**WHAT YOU SHOULD DO**
Give a verbatim copy of the data, leaving the pictures out.
[[ DATA PROVIDED open ]]
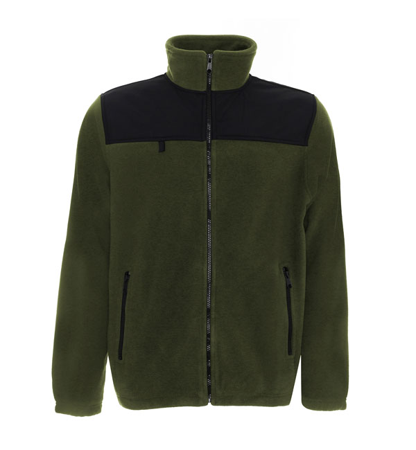ciepły, grubu polar; z przodu i z tyłu wstawka materiału umożliwiająca wykonanie nadruku; wykończenie antypillingowe oraz water-repellent; zamki kostkowe; elastyczna taśma wszyta w dole bluzy i rękawów
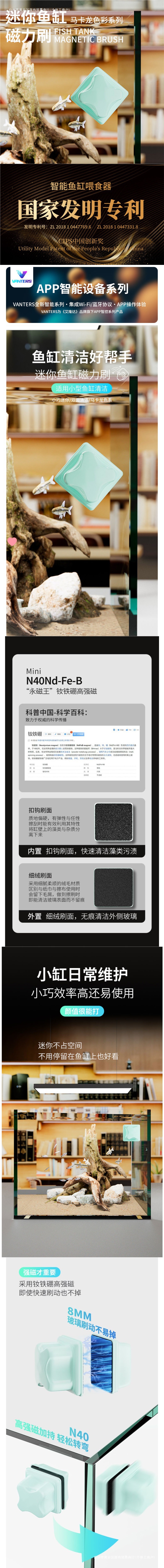 강력한 자석 브러시, 소형 자석 수조 유리 닦이, 유리 청소, 물때 제거 수조 브러시, 소형 조류 긁는 삽
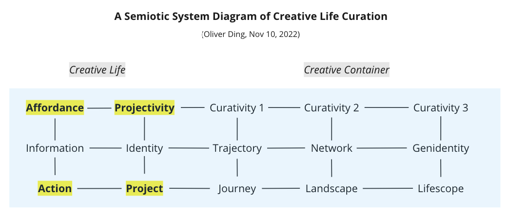 On Oct 26, 2022, I introduced a semiotic system diagram in order to curate three paths of Creative life together. See the diagram below.
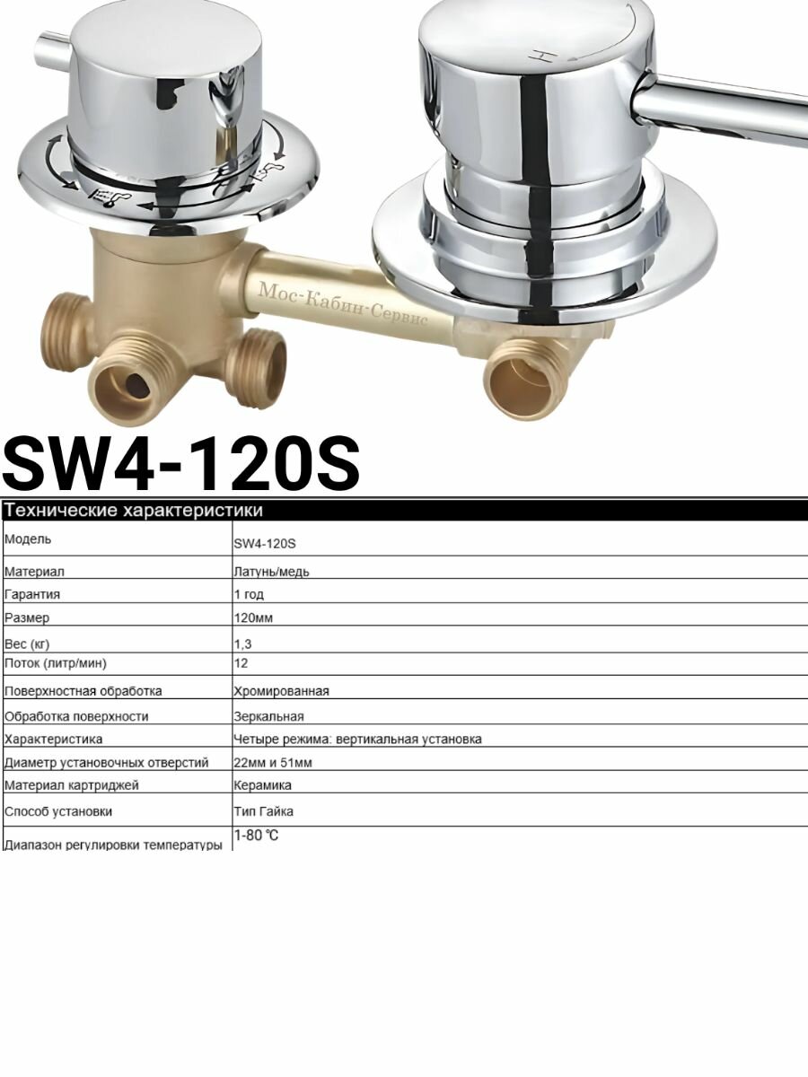 Смеситель для душевой кабины на 4 режима, резьба. Межцентровое расстояние 120мм.: сравнение цен, характеристики, фото, актуальное наличие и цены.
[[ DATA PROVIDED closed ]]
**RESPONSE TO THE EXERCISE**
ciepły, grubu polar; z przodu i z tyłu wstawka materiału umożliwiająca wykonanie nadruku; wykończenie antypillingowe oraz water-repellent; zamki kostkowe; elastyczna taśma wszyta w dole bluzy i rękawów
 강력한 자석 브러시, 소형 자석 수조 유리 닦이, 유리 청소, 물때 제거 수조 브러시, 소형 조류 긁는 삽
 On Oct 26, 2022, I introduced a semiotic system diagram in order to curate three paths of Creative life together. See the diagram below.
 Смеситель для душевой кабины на 4 режима, резьба. Межцентровое расстояние 120мм.: сравнение цен, характеристики, фото, актуальное наличие и цены.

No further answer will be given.